= Beginning of Section =

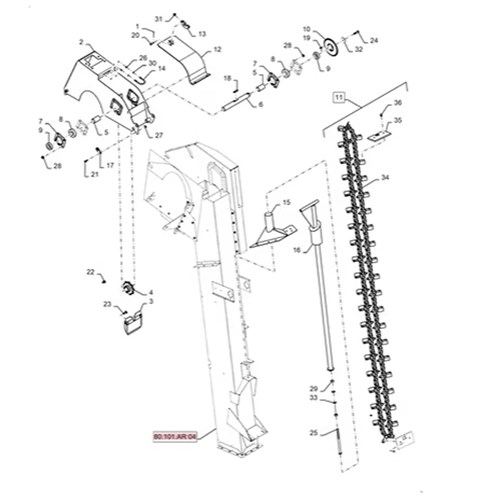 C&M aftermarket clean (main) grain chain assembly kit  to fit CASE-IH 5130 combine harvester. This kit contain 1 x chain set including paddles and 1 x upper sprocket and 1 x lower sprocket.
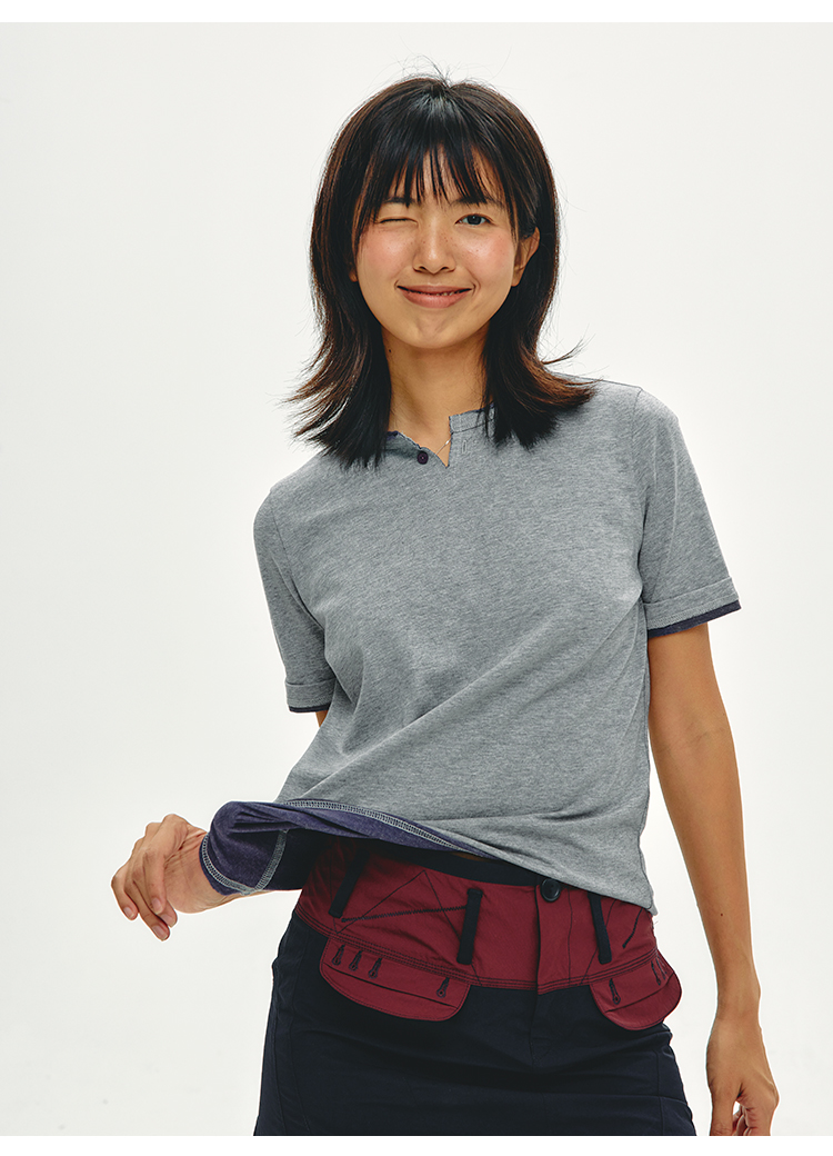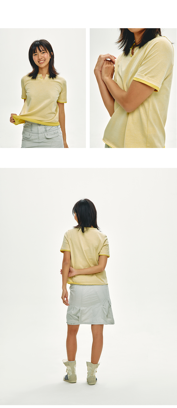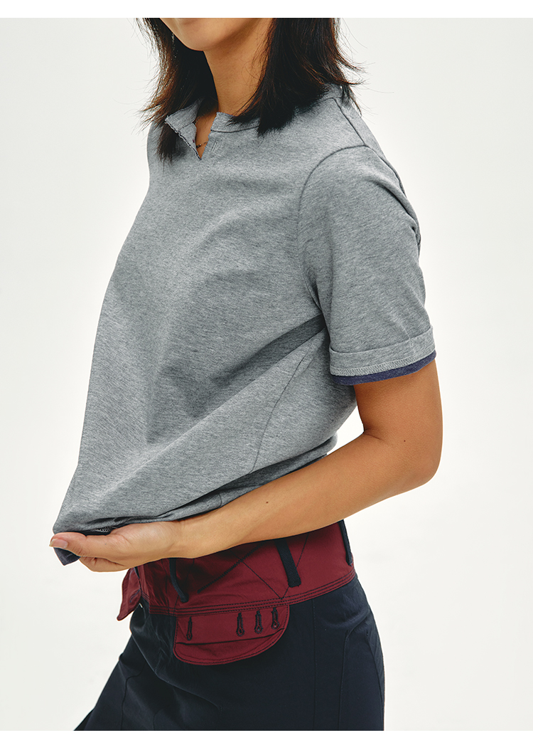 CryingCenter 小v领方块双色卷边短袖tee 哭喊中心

= End of Section =
= Beginning of Section =

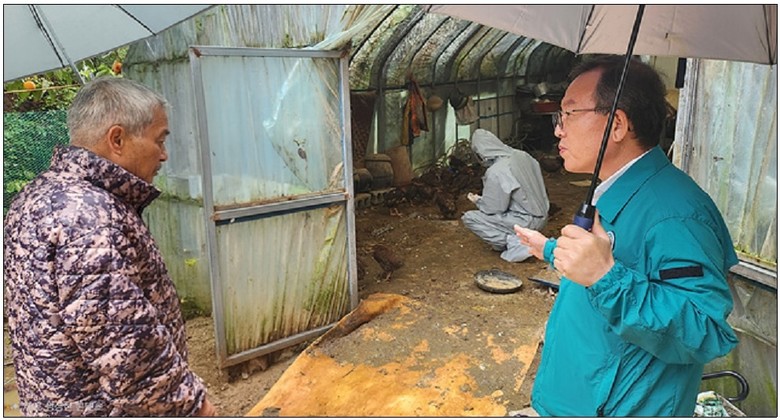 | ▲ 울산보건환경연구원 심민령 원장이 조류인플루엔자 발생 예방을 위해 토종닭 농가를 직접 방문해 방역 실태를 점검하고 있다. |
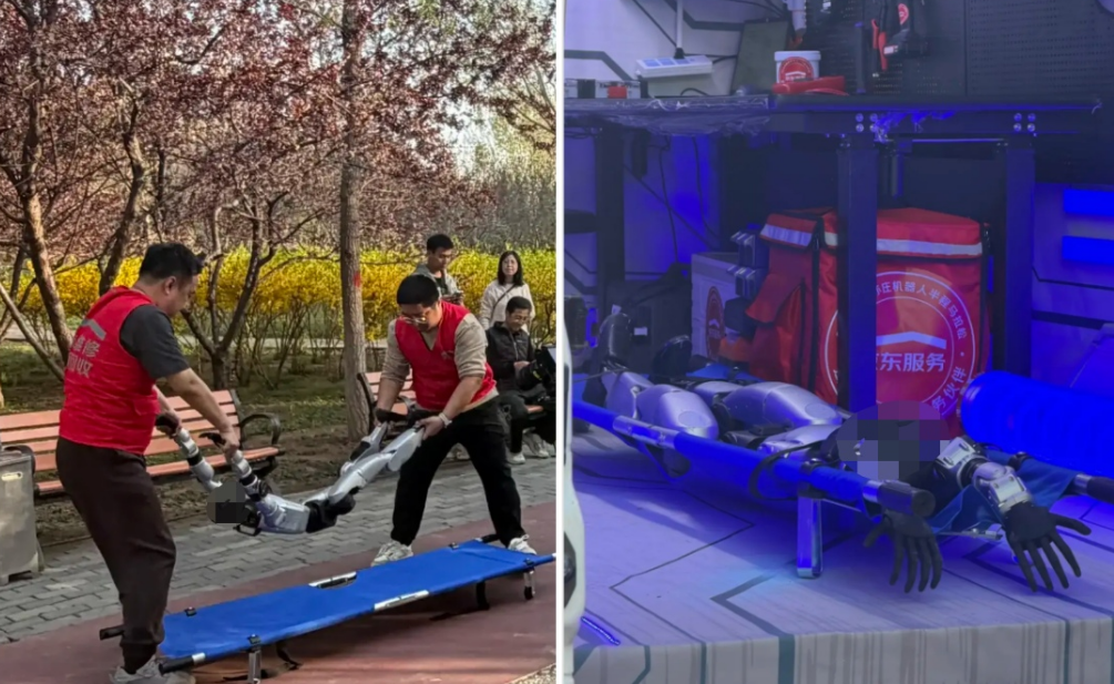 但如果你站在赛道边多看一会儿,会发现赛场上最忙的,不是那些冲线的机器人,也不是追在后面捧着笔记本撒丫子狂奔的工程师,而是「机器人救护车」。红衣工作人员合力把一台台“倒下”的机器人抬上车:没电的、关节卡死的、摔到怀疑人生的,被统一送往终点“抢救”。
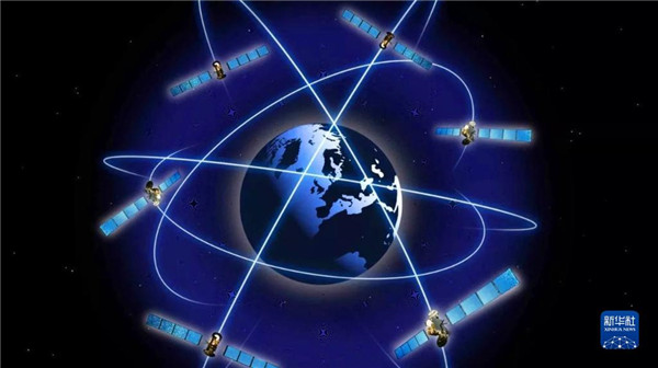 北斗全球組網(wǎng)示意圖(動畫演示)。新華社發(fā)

= End of Section =

### EXERCISE INSTRUCTIONS
Once the line with "실태를 점검하고 있다. |" is found above, transcribe each line from it through the line with "北斗全球組網(wǎng)示意圖(動畫演示)。新華社發(fā)", exactly, and omit the pictures.

### SOLUTION FOR THIS TASK
 | ▲ 울산보건환경연구원 심민령 원장이 조류인플루엔자 발생 예방을 위해 토종닭 농가를 직접 방문해 방역 실태를 점검하고 있다. |
 但如果你站在赛道边多看一会儿,会发现赛场上最忙的,不是那些冲线的机器人,也不是追在后面捧着笔记本撒丫子狂奔的工程师,而是「机器人救护车」。红衣工作人员合力把一台台“倒下”的机器人抬上车:没电的、关节卡死的、摔到怀疑人生的,被统一送往终点“抢救”。
 北斗全球組網(wǎng)示意圖(動畫演示)。新華社發(fā)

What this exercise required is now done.